Et si j'habitais seule ? Au rez-de-chaussée ?

A Nantes, tout le monde marche, tout le monde prend le tram. Il fait froid, on s'emmitoufle mais on sort. On va acheter son pain, ses clopes, son journal.
Il y a des vieux dans la rue à Nantes. Ils marchent doucement en serrant leur baguette. Il y a des poussettes, aussi.
A la place du béton glauque, il y a l'eau. Grise, blanche, argentée, verte, bleue, rose, orange, elle clapote entre ses quais, toujours tranquille.
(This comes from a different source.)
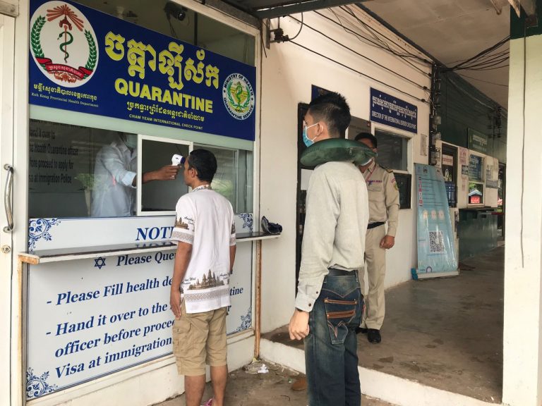 ក្រុមការងារចត្តាឡីស័ក នៃមន្ទីរសុខាភិបាលខេត្តកោះកុង បានធ្វើការត្រួតពិនិត្យកំដៅអ្នកបើកបរដឹកទំនិញចេញ-ចូលតាមច្រកព្រំដែនអន្តរជាតិចាំយាម ព្រមជាមួយនឹងការបាញ់ថ្នាំសំលាប់មេរោគទៅលើរថយន្តដឹកទំនិញផងដែរ។
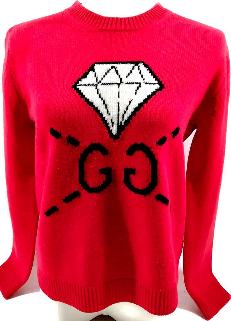 Gucci Italy. Red Illustration LOGO Wool Sweater Top

A la place des voitures, il y a des péniches.
J'habite à cent mètres du commissariat. Et de toute façon, il y a trop de passage, trop de lumière (notamment grâce à l'Erdre qui ouvre la rue en deux) pour qu'il m'arrive quoi que ce soit. Ca fait quatre ans que j'habite ici et je n'ai même pas été bousculée. Les clochards ne causent jamais un souci. Ils demandent pièces ou clopes - on dit oui, on dit non, ils n'insistent pas.
J'ai mon bureau de tabac, mes boulangeries (dont avec Hao nous étudions les mérites comparés), mon petit café-resto, mon bar, mon épicerie, mon tram, mon parc. Mon quartier est beau et différent tous les jours, sous toutes ses couleurs.
Tous les soirs, il m'offre un coucher de soleil et je m'émerveille une nouvelle fois d'habiter un endroit pareil.

jeudi 14 octobre 2010

Sachez-le.

Pour Ghofrane, Fatima, Sohane, Shéhérazade, Noor, San-deela et toutes les autres, je me battrai.
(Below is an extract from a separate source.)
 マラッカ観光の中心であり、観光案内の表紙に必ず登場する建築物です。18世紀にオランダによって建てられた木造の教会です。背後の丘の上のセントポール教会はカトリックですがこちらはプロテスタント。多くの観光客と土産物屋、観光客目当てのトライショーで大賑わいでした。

Il y a des causes plus charnelles et plus évidentes que d'autres. Celle-ci est la mienne. Moi qui ai peur de tout, moi qui ai donné deux gifles dans ma vie, lorsque je pense à elles je suis pleine d'une pulsion guerrière et prête à me lancer dans la mêlée.

Venez et apportez vos pierres. Je ne suis pas seule. Nous nous battrons.

vendredi 8 octobre 2010

Vendredi, ironie

Je déteste la série Glee d'avoir produit un épisode (S02E03) très émouvant et bien meilleur que les précédents.
Parce que je ne crois pas pouvoir le finir.
J'ai tenu 28 minutes 45.
Et je suis là entre deux eaux, ne sachant pas si je dois me forcer à continuer pour me prouver que je suis forte, ou laisser tomber.
Ironie, double combo : j'ai tenu sur les coups de fil, le cours interrompu, l'hôpital, la compassion des gens, les proches qui s'engueulent.
C'est les images du père apprenant le vélo à son fils qui m'ont eue.

mercredi 1 septembre 2010

Sugar and spice and everything nice

Hé oui, ce blog est le dernier endroit où je n'ai pas encore fait mon auto-promo...

Faisons court : j'ai créé un site pour mes critiques de bluettes.
Ce que j'appelle les bluettes, ce sont ces films qui pour la plupart ne sont pas des chef-d'oeuvres - bien que certains en soient, voir ci-contre le magnifique Princess Bride - mais qui nous amusent, nous remontent le moral, nous font rêver, nous émeuvent, nous font rire et nous permettent d'échapper quelques instants au monde réel.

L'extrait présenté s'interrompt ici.